━━━━━ Given records ━━━━━

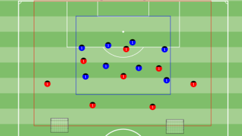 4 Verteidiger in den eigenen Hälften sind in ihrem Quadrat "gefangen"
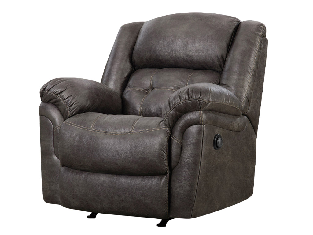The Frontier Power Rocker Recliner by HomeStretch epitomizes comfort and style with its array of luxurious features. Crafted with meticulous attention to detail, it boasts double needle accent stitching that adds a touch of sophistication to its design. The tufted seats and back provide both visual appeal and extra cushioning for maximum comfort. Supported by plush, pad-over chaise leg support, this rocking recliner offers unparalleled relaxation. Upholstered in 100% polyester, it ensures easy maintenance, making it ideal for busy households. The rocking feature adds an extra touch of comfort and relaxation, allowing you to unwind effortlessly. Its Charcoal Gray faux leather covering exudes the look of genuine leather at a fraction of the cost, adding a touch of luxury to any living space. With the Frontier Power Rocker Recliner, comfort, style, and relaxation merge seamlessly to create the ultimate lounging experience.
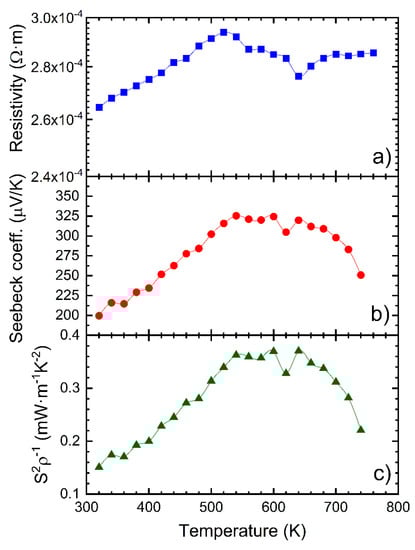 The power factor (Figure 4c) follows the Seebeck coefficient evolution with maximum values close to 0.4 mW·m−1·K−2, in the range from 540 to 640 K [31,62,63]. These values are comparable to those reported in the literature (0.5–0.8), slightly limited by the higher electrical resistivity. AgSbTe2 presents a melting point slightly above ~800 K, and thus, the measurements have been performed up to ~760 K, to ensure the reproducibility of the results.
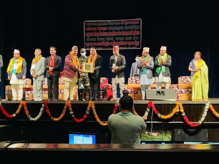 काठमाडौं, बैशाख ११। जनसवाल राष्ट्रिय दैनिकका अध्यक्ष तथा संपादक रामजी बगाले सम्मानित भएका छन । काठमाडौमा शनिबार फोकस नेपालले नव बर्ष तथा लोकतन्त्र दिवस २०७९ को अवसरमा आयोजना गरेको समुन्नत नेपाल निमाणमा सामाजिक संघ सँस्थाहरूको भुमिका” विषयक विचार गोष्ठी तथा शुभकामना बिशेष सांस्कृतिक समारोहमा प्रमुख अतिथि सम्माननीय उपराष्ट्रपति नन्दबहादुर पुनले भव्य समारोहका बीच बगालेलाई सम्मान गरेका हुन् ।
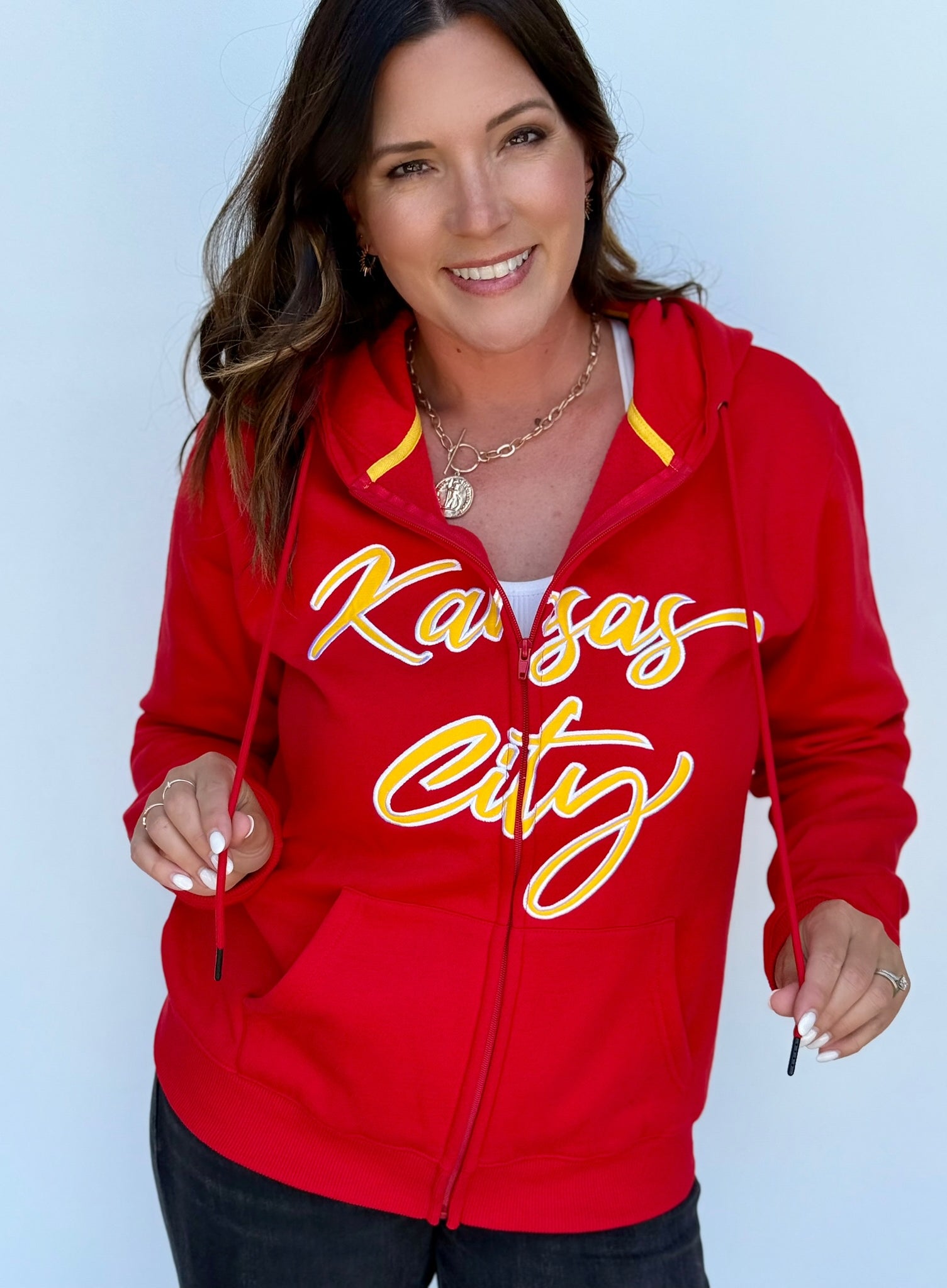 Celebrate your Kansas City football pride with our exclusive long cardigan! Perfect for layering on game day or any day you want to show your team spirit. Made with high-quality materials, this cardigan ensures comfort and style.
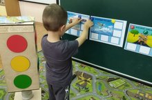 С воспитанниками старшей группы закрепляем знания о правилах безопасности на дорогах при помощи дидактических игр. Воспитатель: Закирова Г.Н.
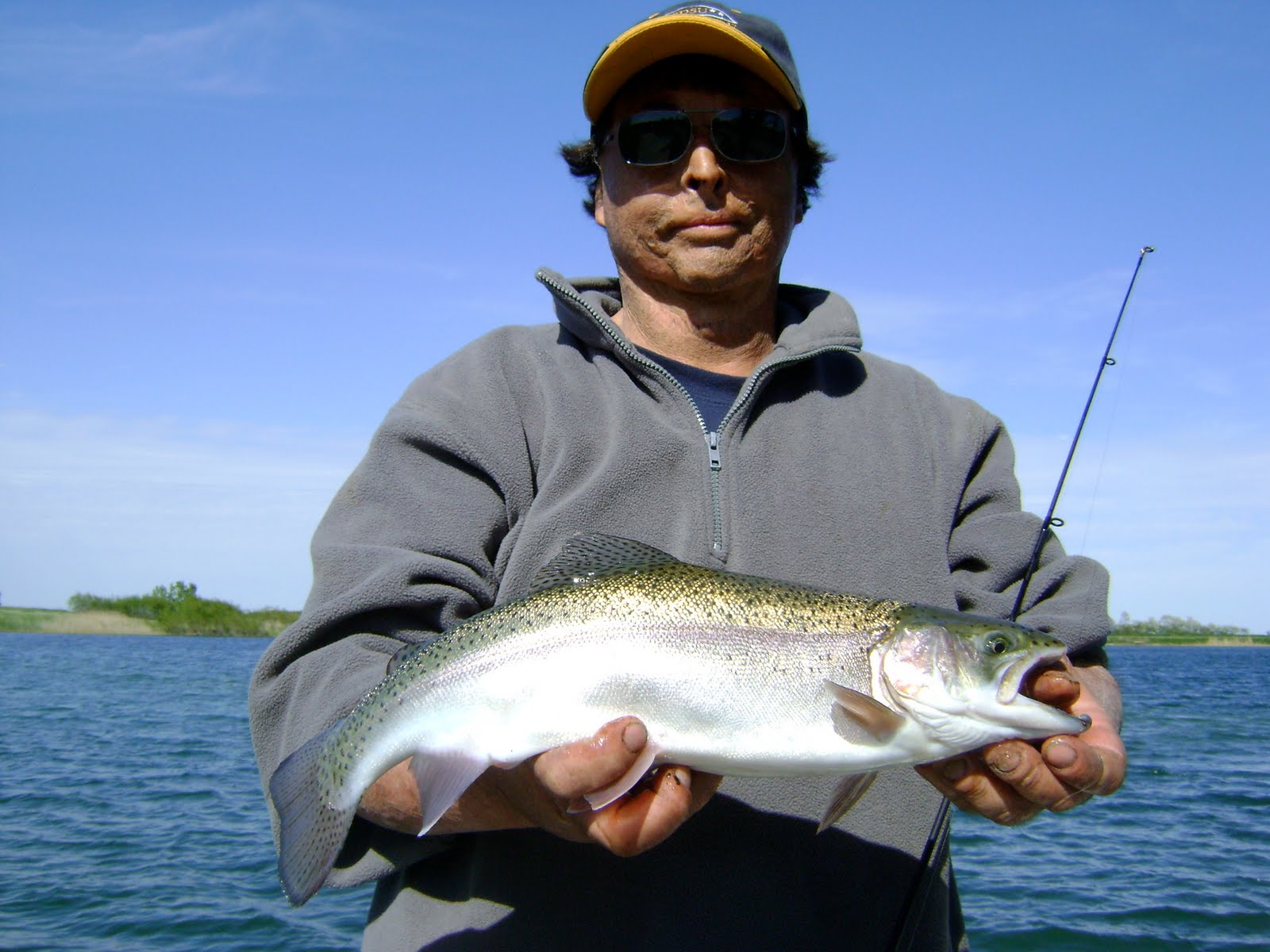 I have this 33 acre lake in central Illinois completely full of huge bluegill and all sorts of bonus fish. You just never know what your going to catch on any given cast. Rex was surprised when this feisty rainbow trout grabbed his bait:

━━━━━
━━━━━ Given records ━━━━━

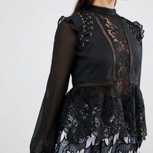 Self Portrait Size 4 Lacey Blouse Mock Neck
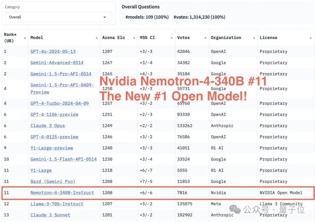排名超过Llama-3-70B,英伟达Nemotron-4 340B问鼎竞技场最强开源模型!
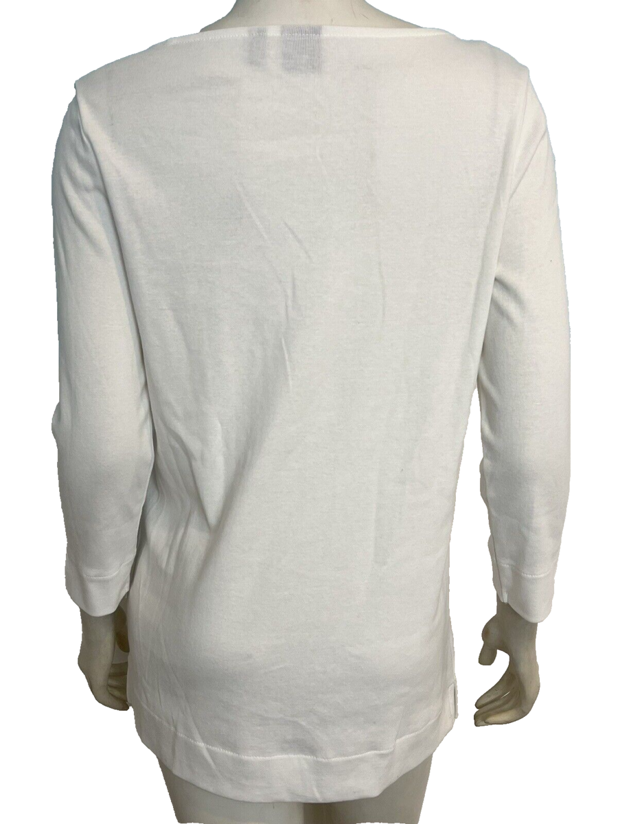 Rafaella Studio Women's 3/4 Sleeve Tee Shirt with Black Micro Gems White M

━━━━━

- **Exercise prompt**: An exact copy is needed of the stretch above that opens with the line containing "Self Portrait Size 4 Lacey Blouse Mock Neck" and closes with the line containing "Rafaella Studio Women's"; the pictures are not part of it.

- **Response to this task**:
 Self Portrait Size 4 Lacey Blouse Mock Neck
排名超过Llama-3-70B,英伟达Nemotron-4 340B问鼎竞技场最强开源模型!
 Rafaella Studio Women's 3/4 Sleeve Tee Shirt with Black Micro Gems White M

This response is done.